What carries the argument
Representation Distribution Matching (RDM), the training paradigm that aligns the feature distribution of a one-step generator's outputs with the feature distribution of real images under frozen pretrained encoders.
If this is right
- The classical maximum mean discrepancy objective becomes effective for one-step generation once estimated with the right procedure.
- The size of the generated batch is the key operative variable and reaches an optimum above 2048 samples.
- Any single encoder representation can be gamed, so matching must occur across a balanced battery of encoders.
- The same recipe converts a four-step model into a one-step model that improves both automated and preference-based metrics.
Where Pith is reading between the lines
- The need for large generated batches may push training infrastructure toward higher memory or distributed setups for distribution-matching methods.
- The multi-encoder matching idea could be tested on video or audio generation tasks where single-representation gaming is also a risk.

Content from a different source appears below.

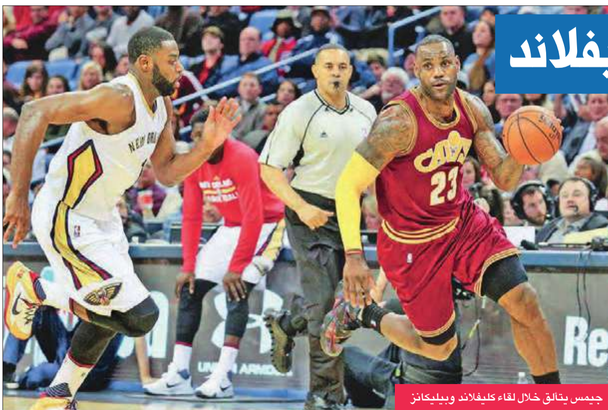
جيمس يتألق خلال لقاء كليفلاند وبيلبكانز

مع بداية موسم 2017 أو أن تطور رينو خلال العام حتى تتمكن من تمديد الاتفاق. وأضاف ماركو، أنه رغم التأخير عن التأكيد حول محرك فريق ريد بول للعام المقبل، إلا أن الفريق سيكون موجوداً في برشلونة للمشاركة في الاختبارات الأولية في 22 فبراير. وأكد فريق تورو روسو أنه سيستخدم محرك فيراري في 2015 في الموسم، لينتهي تعاونه مع رينو الذي استمر عامين.
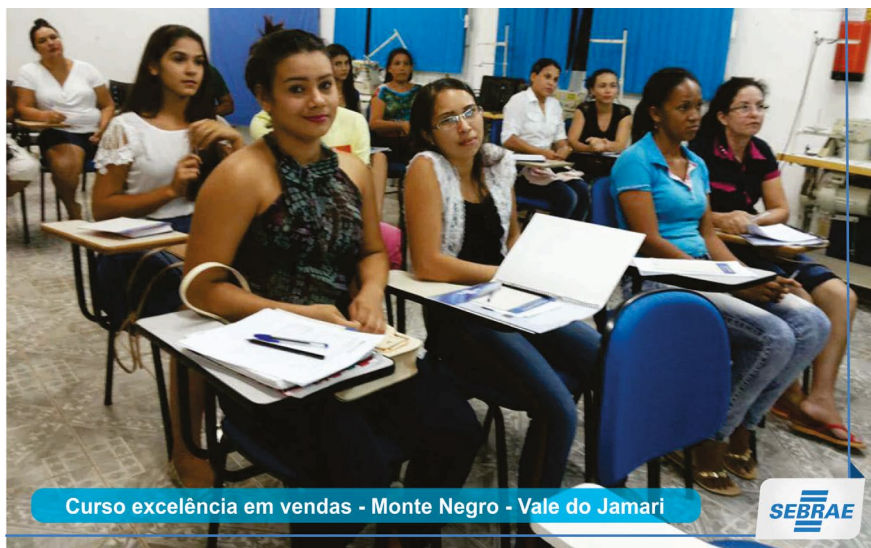
Curso excelência em vendas - Monte Negro - Vale do Jamari

- Post-training existing multi-step models to one-step versions could become a standard efficiency step if the recipe generalizes beyond the tested cases.
Load-bearing premise
A Sliced-Wasserstein distance computed over fourteen encoders reliably tracks human perceptual quality and cannot be gamed by the generator.
What would settle it
A one-step generator that scores worse than 1.30 on the fourteen-encoder Sliced-Wasserstein distance yet receives higher human preference scores than the reported improved RDM on a matched sample comparison would falsify the evaluation claim.
Figures
read the original abstract
We elucidate the design space of Representation Distribution Matching (RDM), our name for the paradigm that trains a one-step image generator by matching generated and reference feature distributions under frozen pretrained encoders. We identify two design axes, how the distributions are compared and the representations they are compared in, and controlled studies along them yield three findings. First, the classical MMD, which could not train convincing generators a decade ago, becomes a strong and scalable objective once estimated right. Second, the generated batch is then the operative variable, with an optimum above 2048, far beyond customary batch sizes. Third, any single representation can be gamed, driven below the real score while images stay visibly fake, so we match against a balanced battery of encoders and evaluate with SW_r14, a Sliced-Wasserstein distance over 14 encoders that is independent of the training loss and resists gaming. Combining the preferred choices yields improved RDM (iRDM): it sets the one-step state of the art on ImageNet at SW_r14 1.30, corroborated by PickScore, a human-preference proxy our objective never optimizes, which prefers it over the prior best one-step generator on 71.2% of matched samples. The same recipe post-trains the four-step FLUX.2 [klein] into a one-step generator, surpassing the four-step version on GenEval, 0.826 to 0.794, and on PickScore, 22.76 to 22.58, in 90 H200 GPU-hours. Project page: https://alan-lanfeng.github.io/rdm/.
Editorial analysis
A structured set of objections, weighed in public.
Referee Report
Summary. The paper introduces Representation Distribution Matching (RDM) as a paradigm for training one-step image generators via matching generated and real feature distributions under frozen pretrained encoders. Controlled studies identify MMD (properly estimated), large batch sizes (>2048), and a multi-encoder battery as key; their combination yields iRDM, which reports SOTA one-step ImageNet performance at SW_r14 = 1.30 with 71.2% PickScore preference over prior best, and distills FLUX.2 to a one-step model outperforming its four-step version on GenEval (0.826 vs 0.794) and PickScore (22.76 vs 22.58) after 90 H200 GPU-hours.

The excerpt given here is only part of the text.